Em 16 de maio do corrente ano, a propositura de candidaturas fictícias de mulheres, para atendimento da política de cotas de gênero, mereceu tratamento uniformizador e vinculativo pelo TSE, o qual, no Processo Administrativo 0000323-45.2013.6.00.0000, editou a Sumula 73, com o seguinte enunciado:
“A fraude à cota de gênero, consistente no que diz respeito ao percentual mínimo de 30% de candidaturas femininas, nos termos do art. 10, § 3º, da Lei 9.504/1997, configura-se com a presença de um ou alguns dos seguintes elementos, quando os fatos e as circunstâncias do caso concreto assim permitirem concluir: votação zerada ou inexpressiva; prestação de contas zerada, padronizada ou ausência de movimentação financeira relevante; ausência de atos efetivos de campanha, divulgação ou promoção da candidatura de terceiros.
O reconhecimento do ilícito acarretará nas seguintes penas: cassação do Demonstrativo de Regularidadeal de Atos Partidários (DRAP) da legenda e dos diplomas dos candidatos a ele vinculados, independentemente de prova de participação, ciência ou anuência deles; inelegibilidade daqueles que praticaram ou anuíram com a conduta, nas hipóteses de Ação de Investigação Judicial Eleitoral (AIJE); nulidade dos votos obtidos pelo partido, com a recontagem dos quocientes eleitoral e partidário (artigo 222 do Código Eleitoral), inclusive para fins de aplicação do artigo 224 do Código Eleitoral, se for o caso.”
Na prática pouco se muda
A despeito da previsão expressa para cota de gênero na lei das eleições, assim compreendida como uma política pública de incentivo a participação de mulheres na política, é certo que objetiva a efetiva investidura no mandato eletivo. Contudo, persiste o déficit de representatividade das mulheres no cenário político nas esferas municipal, estadual e federal.

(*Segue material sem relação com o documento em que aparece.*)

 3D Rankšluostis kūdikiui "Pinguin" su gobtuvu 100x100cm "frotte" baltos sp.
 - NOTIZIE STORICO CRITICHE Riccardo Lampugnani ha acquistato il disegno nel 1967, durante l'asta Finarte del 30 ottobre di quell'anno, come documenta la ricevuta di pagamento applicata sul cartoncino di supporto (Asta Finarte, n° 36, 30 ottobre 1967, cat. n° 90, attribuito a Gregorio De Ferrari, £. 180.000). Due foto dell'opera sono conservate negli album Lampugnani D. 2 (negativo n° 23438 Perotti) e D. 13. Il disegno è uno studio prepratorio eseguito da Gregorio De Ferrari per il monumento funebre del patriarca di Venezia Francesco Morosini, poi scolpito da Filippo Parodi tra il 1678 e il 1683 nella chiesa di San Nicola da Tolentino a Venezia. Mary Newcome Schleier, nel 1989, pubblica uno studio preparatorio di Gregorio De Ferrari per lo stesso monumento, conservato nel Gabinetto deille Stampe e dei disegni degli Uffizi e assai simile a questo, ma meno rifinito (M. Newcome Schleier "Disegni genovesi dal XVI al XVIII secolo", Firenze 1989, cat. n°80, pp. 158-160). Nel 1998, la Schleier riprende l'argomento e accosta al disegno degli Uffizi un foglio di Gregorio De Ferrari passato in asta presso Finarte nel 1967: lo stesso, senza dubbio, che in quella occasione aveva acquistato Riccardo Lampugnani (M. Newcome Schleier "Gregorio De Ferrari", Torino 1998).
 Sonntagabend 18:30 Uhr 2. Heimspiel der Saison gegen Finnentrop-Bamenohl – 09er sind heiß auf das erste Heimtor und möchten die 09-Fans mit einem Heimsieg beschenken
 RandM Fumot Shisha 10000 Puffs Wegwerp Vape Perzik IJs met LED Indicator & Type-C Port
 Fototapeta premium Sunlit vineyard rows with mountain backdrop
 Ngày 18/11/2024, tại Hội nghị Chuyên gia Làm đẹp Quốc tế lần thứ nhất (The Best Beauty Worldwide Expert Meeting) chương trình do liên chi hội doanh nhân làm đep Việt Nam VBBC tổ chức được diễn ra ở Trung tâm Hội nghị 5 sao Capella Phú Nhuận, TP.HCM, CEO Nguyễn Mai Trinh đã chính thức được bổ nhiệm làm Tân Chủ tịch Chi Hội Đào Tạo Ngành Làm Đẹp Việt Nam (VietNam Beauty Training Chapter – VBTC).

Segundo números informados pelo TSE (aqui), na última disputa municipal, mesmo sendo maioria do eleitorado brasileiro, foram eleitas 651 prefeitas (12,1%), e 4.750 prefeitos (87,9%) e, para as Câmaras Nunicipais, 9.196 vereadoras eleitas (16%), e 48.265 vereadores (84%).

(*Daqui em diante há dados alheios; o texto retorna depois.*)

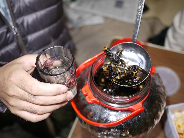 去年の秋に、宇宿さんから頂いていたスズメ蜂酒を開封しました。
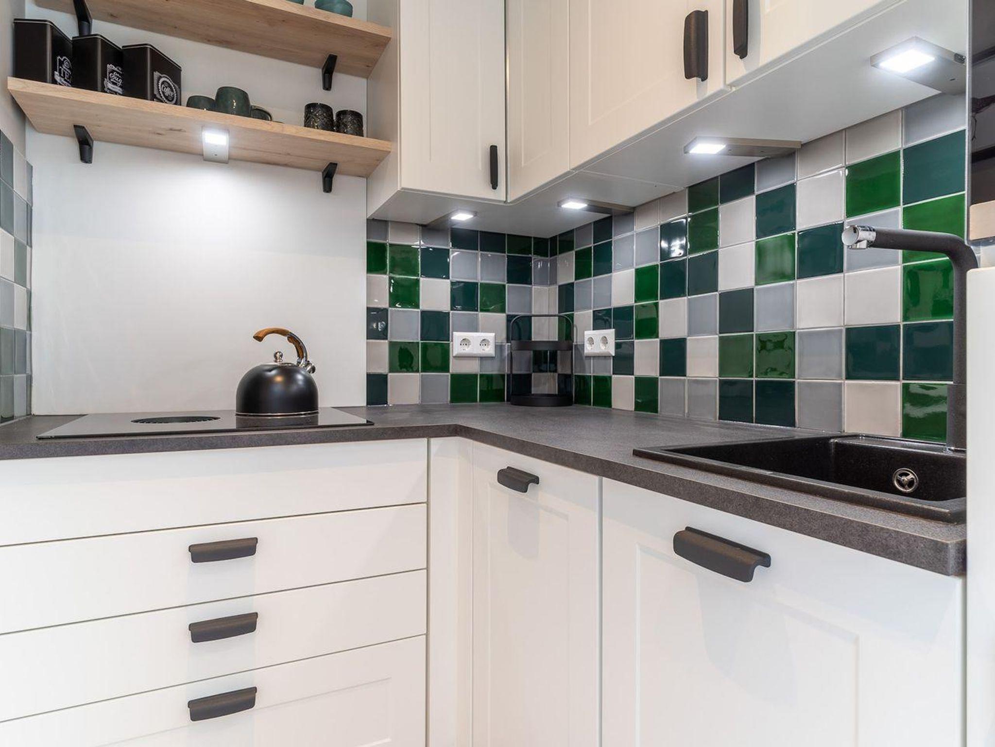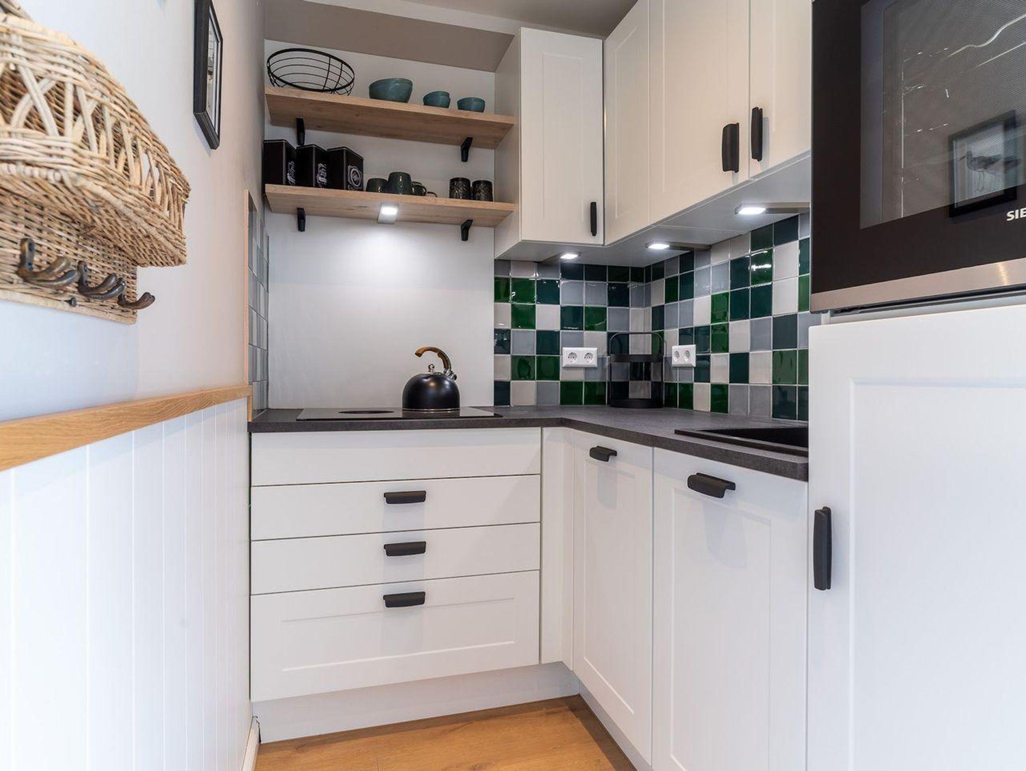 Im Erdgeschoss befindet sich ein großzügiger Wohnraum mit TV und einer modernen Wohnküche. Die Küche ist voll ausgestattet und verfügt über hochwertige Elektrogeräte.

A baixa representatividade das mulheres como detentoras de mandatos eletivos é fato, sendo de relevância mapear suas causas. Num contexto de mera presunção, resultaria da nossa cultura partidária, historicamente voltada a construção de candidaturas masculinas? Ou da omissão e desinteresse das próprias, seja como candidatas, seja como eleitoras, em verem mulheres como detentoras de mandatos eletivos? Ou, ainda, da convergência de ambas?
Tanto perguntas quanto respostas não se exauriram, mas é que a representatividade democrática brasileira, pluripartidária, aspira pela equanimidade de gênero na política nacional, aspira por candidaturas femininas legítimas e reais, por mais mulheres eleitas.